Dennoch konnte es vorkommen, dass Läufer noch in der Zielkurve stürzten und durch das Ziel flogen oder durch Fliehkräfte aus der Rennbahn getragen wurden – zum Glück unverletzt. Nach dem Zweiten Weltkrieg, als wiederum in Oybin, aber auch in Weifa Rennen gefahren wurden, soll man sogar auf Spitzengeschwindigkeiten von 80 km/h gekommen sein. Es konnte auch vorkommen, dass sich Motorrad und Skifahrer erst am Start kennenlernten, also noch nie zusammen gefahren waren. Wer hätte da geglaubt, dass 1936 so ein Zufallspaar (der Anhänger hieß May und kam aus Löbau) sogar eine Tagesbestzeit schaffte?

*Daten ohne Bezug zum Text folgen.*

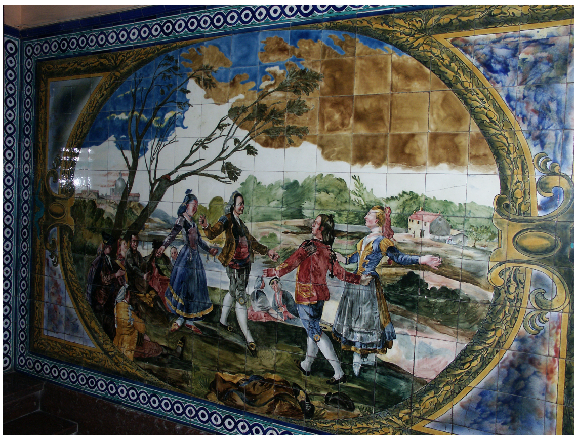
▪ Fig. 12. Daniel Zuloaga. Mural de El Baile de San Antonio de la Florida en el portal de la casa de Armando Otero, calle Hurtado de Amézaga nº 48 (Bilbao). 1919.

tras que el segundo, realizado en 1919, deja constancia de la ascendencia de Goya sobre el ceramista, influjo que se intensificó al final de la vida de Zuloaga, fallecido en 1921, cuando el regionalismo se impuso claramente sobre las otras dos corrientes anteriormente señaladas. A su vez estos zaguanes revelan pautas habituales en la forma de trabajar del artífice, quien a la hora de diseñar este tipo de revestimientos utilizó frecuentemente fotografías, aunque introduciendo ligeras modificaciones sobre los originales en función de sus intereses. Igualmente se constata su tendencia a dibujar y pintar detalles del natural, de cara a la ulterior realización de plafones, como ocurrió en parte de los paneles del edificio de Murga, su seguimiento de las obras tanto con visitas a las mismas como con instrucciones detalladas a los operarios de su taller, los pasos de cara a los preparativos del envío e instalación de los revestimientos con la realización de los corres-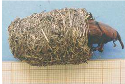
Fotografía 3: Adulto emergiendo del capullo o croqueta.

Al final del periodo larvario la larva construye una envoltura en forma oval con fibras del interior de la palmera. Estos capullos tienen una longitud de 4 a 6 cm, se localizan en las bases de las hojas y en su interior se encuentra la larva-pupa. Esta fase dura de 15 a 30 días. Una vez finalizada la metamorfosis el adulto permanece en el interior unos 10 días más.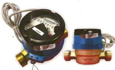
Рис.8 Счетчик холодной воды с магнитоуправляемым контактом ВСХд-15-02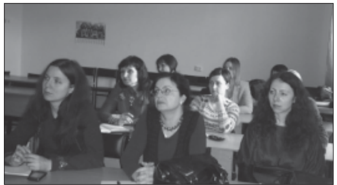
Вчителі гімназії № 191 уважно слухають доповідь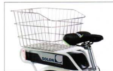
ACCESSORI OPZIONALI E DETTAGLI PRODOTTO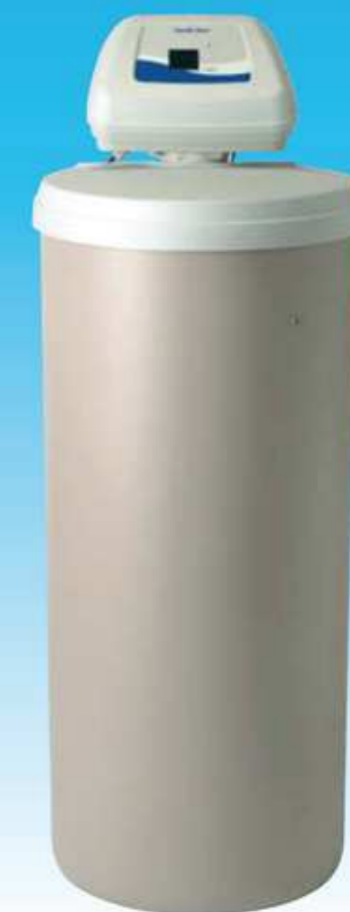
NORTH STAR NSC 25 ED

Dieser North Star Wasserenthärter trifft leicht die Bedürfnisse von Kleinunternehmen (Friseursalon, Bäckerei ...), die großes Volumen von Wasser in Ihrem Produktionsprozess verlangen.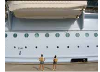
Visuel : Becquemin & Sagot, Bigger; Road-movie cruise - until the end of the world #forever , 2020, production pour Horizons d'eaux #4 , parcours réalisé par les Abattoirs, Musée - Frac Occitanie Toulouse et le Frac Occitanie Montpellier © Becquemin & Sagot

Œuvre issue de Road-movie cruise - until the end of the world #forever , installation (sculpture textile, bande son), 2020, courtesy H Gallery

Die Kießlich-Chronik endet 1960. Dann passierte in Sachen Skijöring offenbar nicht viel. Bis 2006, als das Jubiläumsjahr „750 Jahre Oybin“ begangen wurde. Im Februar lud der Oybiner Skiverein auf die Wiese am alten Kurhaus Lückendorf zum Skijöring ein. Hier waren nicht Kräder die Zugfahrzeuge, sondern Motorschlitten. Demonstriert wurde auch Skijöring mit einem PS, mit Pferden. Dieser Klassiker wird bis heute besonders in der Schweiz gepflegt.

1928 bei den Olympischen Winterspielen von St. Moritz war das ein Demonstrationswettbewerb. Doch Pferde oder Motorschlitten besitzt nicht jeder. Dann sieht es schlecht aus mit Skijöring. „Soll ich wirklich darauf verzichten?“, muss sich Siegfried Hänsch aus Hain vor rund zehn Jahren gefragt haben. Er holte zwei seiner Schafe aus ihrem Winterquartier und ließ sich von ihnen durch den Winterwald ziehen. „Die schnellsten sind sie nicht und manchmal auch ein bissel eigenwillig, wenn es um die Fahrtrichtung geht, aber es macht durchaus Spaß“, gestand er damals dem unlängst verstorbenen langjährigen SZ-Redakteur Jürgen Zacharias.

Und wie sieht es aktuell aus? Im Februar 2016 war eine Wiederbelebung des Skijöring im Zittauer Gebirge geplant. Der MSC Oberlausitzer Dreiländereck und der Alpine Skiverein Lausche hatten am Trixipark in Großschönau alles vorbereitet. Was fehlte, war der Schnee. Damit standen die Organisatoren vor dem Dilemma, mit dem die Veranstalter der Oybiner Wettbewerbe in den 1930er und 1950er Jahren mitunter zu kämpfen hatten: Ausfall ohne Ersatz.

Die beiden Vereine hofften auf 2017. Doch bisher war von einem Skijöring in Großschönau nichts zu hören. Thomas Kaufmann vom Marketing des Trixiparkes klärte SZ gegenüber auf: „Wir setzen dieses Jahr auf andere Wintersportaktivitäten, so auf den Skibetrieb an der Lausche oder das Eisbaden bei uns. Skijöring ist in unserer Planung nach hinten gerutscht.“ Was wohl heißt: Aufgeschoben ist nicht aufgehoben.